Capítulo 1 - Prólogo


 

--me chamo inu no taisho, sou o rei dos inucubus demônio que se alimenta da energia vital dos humanos durante o ato sexual, sei que isso e estranho, mas a minha raça e assim somos insaciáveis e estamos sempre a procura por vitimas para supremir nossos desejos proporcionando uma noite intensa de puro prazer, algumas vezes as mato outrás as deixo vivas, mas sempre empéssimo estado fisico pelo cansaço que as deixo, muitas vezes levando até a morte. dei um  sorriso de lado e pouso no telhado da casa de um senhor feudal que guarda a sua unica filha a sete chaves já ouvir dizerem que ela nasçeu deformada, e que seu pai não aguentou ver a seu rosto e a obrigou a viver trancada em seu quarto para evitar de ser vaiado pelos moradores da vila por ter feito uma aberração, não sei se isso e verdade, mas hoje descobrirei se o que dizem e verdade ou não descir do telhado e me transformo em uma sombra começei a caçar o seu quarto até que o encontro concluir que fosse o seu pois estava cheio de corrente, e a moletos magicos contra youkais mas, nada que me empedisse de entrar, pois eram fracos e velhos cheguei perto do seu ser analisando cada detalhe do seu corpo e não era o que emaginava encontrar, em meus pensamentos via a imagem de um ser deformado, mas tudo que vejo e um bela jovem de beleza surreal enferma na cama sem poder sair do quarto, me abaixei e com um pouco de receio toco em seus labios rosados fazendo uma pequena pressão com meu dedo fazendo um pequeno e lindo biquinho nela fiquei parado alguns segundo, e escuto abrirem a porta e novamente me transformo em uma sombra agora na escuridão do seu quarto.

izayoi acorde minha filha, você estar muito fraca precisa se alimentar não sei, o que faria se perdesse você como perdir a sua mãe.

pai eu sentir algo tocando, em meus labios.
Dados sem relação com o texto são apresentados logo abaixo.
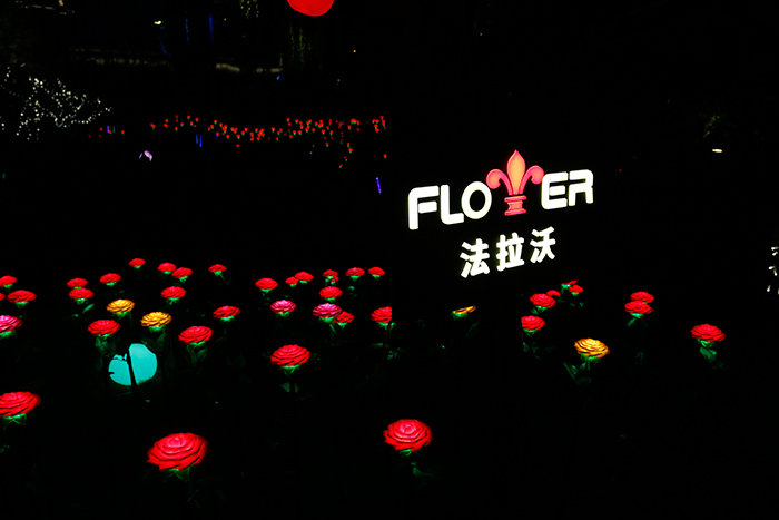 燈光秀路口的植物墻上,勇電旗下品牌-法拉沃各類造型燈光點(diǎn)綴其中,盈盈綠意,點(diǎn)點(diǎn)繁星,仿佛它們本就一體,發(fā)出神秘夢(mèng)幻的光彩。
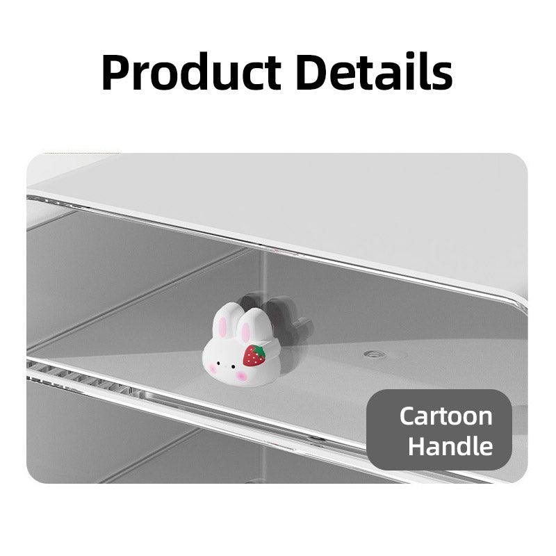 This 3-tier desktop organiser drawer shelf is a practical and stylish addition to your workspace or home. With its compact size and transparent drawers, it is perfect for keeping your desk neat and tidy. The charming rabbit-shaped handles add a touch of cuteness while ensuring ease of use. Ideal for storing small items such as stationery, makeup, or craft supplies, this organiser helps maximise space while maintaining easy access to your essentials.
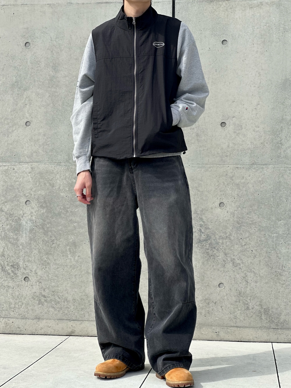 MODE SPACE 黒のストレートデニムを使ったストリートコーデ🔥 今流行りのワイドシルエットとブリーチ加工された色味が着回しやすくなっております! 足元はゴツめのワークシューズとも合うので気になる方は公式サイトをチェック✅
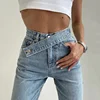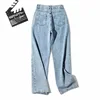 Pantalon en jean denim bleu pour femme, taille haute, ample, couleur unie, bouton, ceinture Oblique, rétro, fermeture éclair, automne
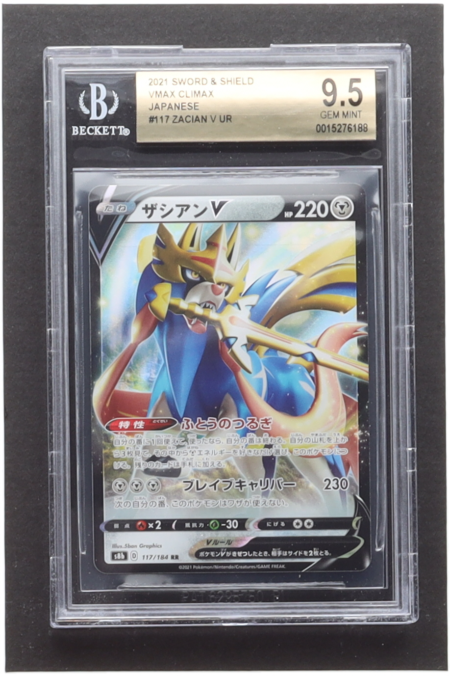 Zacian V 2021 Pokemon Sword and Shield VMAX Climax Japanese #117 (BGS 9.5)
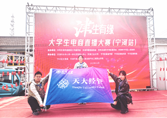 近日,由天津市教育两委联合宁河区委、区政府主办的天津市中小学研学实践展示活动暨“津生有缘”大学生电商直播大赛在宁河区举行。旨在为深入贯彻落实全国教育大会精神,推动研学实践教育高质量发展,提升高等教育服务经济社会发展的能力。由天津大学经管学部思政人才辅导员施雅馨担任指导老师,学部2022级本科生魏子瑜、2025级硕士研究生任玉莹作为队员组成的队伍应邀参与活动。
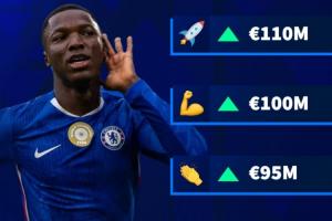 凱塞多目前身價為9000萬歐,此次更新最高將漲至1.1億歐,成為英超第10位億元先生,最低將下跌至8500萬歐。
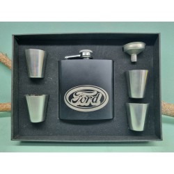 Darčeková sada obsahuje nerezovú ploskačku, 4 poháriky a lievik pre jednoduchšie nalievanie destilátu. Objem ploskačky s motívom značky Ford je 270ml. Komplet je balený v krásnom darčekovom balení. Sada je vhodná ako dekorácia alebo praktický darček hlavne pre automobilových nadšencov.
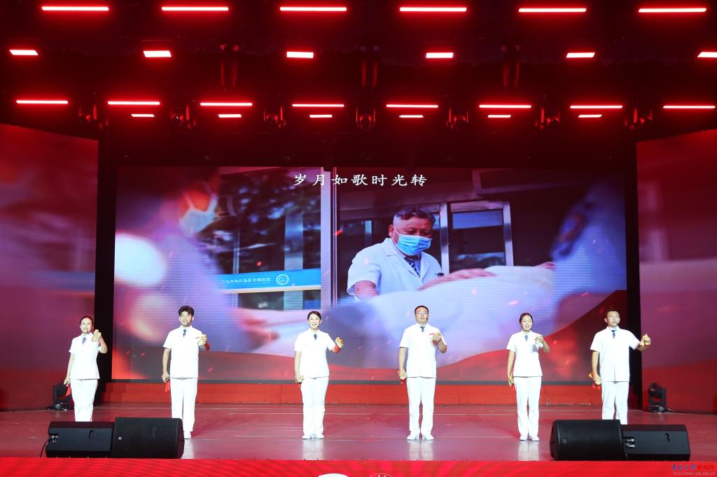 文艺汇演在《青大医疗集团成立二十周年发展历程回顾》开场宣传片中拉开帷幕,通过形式多样的表演,展现了医疗集团各医院全体医护员工用热血、青春、汗水谱写的一部部辉煌而壮丽的诗篇,让观众真切感受到了青大医疗集团二十年发展取得的突出成就。

não diga bobagem todos dessa casa sabir que não podem entrar aqui, pegue trouxe as maças que tanto gosta, e a sua flor favorita o lirio.

izayoi- obrigando pai essa, e a flor que, mas amo por que simboliza a pureza, a inocência e também o amor_ disse a bela jovem com os olhos fechado respirando a flor que não sabia que também simbolizava a tentação das paixãoes e o erotismo.

inu no taisho- depois que o sei pai foi, embora e ela voltou a dormir, sair do seu quarto e fui pro meu palácio sem compreender do por que não te-la matado, ela estava bem em minha frente aquele ser frágil e linda como um raro cristal pare inu no taisho, me repreendir por tais pensamentos com uma humana, com um alimento ? eu não voltarei, mas a ve-la, e foi assim que tentava comprir com a minha palavra toda vez que voltava da sua casa, já não conseguia ficar longe dela, todas as noites saia do meu leito para velar o seu sono, muitas vezes recusando mulheres da minha raça querendo ter uma noite de prazer comigo, tudo por essa humana que tinha noite que  acarisiava o seu rosto, e a beijava levemente para que não acordase outras noites era, mas atrevido e cheirava o seu corpo apalpando. peguei uma mecha de seu cabelo levando, até o meu nariz cheirando aquele cheiro doce e florido fechei os meus olhos apreciando aquele cheiro sedutor.

izayoi- estava dormindo quando sentir alguém tocar em meu cabelo, abrir os meus olhos lentamemte, e vejo um homem de cabelos brancos feito a neve e pele alva cheirando uma madeixa do meu cabelo levantei uma das minhas mãoes endireção os meus olhos, e os enfreguei pensando que aquilo fosse um sonho pisquei algumas vezes, e tudo que vir foi um lirio pousado em meu corpo dei um sorriso, e o cherei imaginando quem teria tamanha coragem, de ir contrar a ordem do meu pai de não entrar em meu quarto.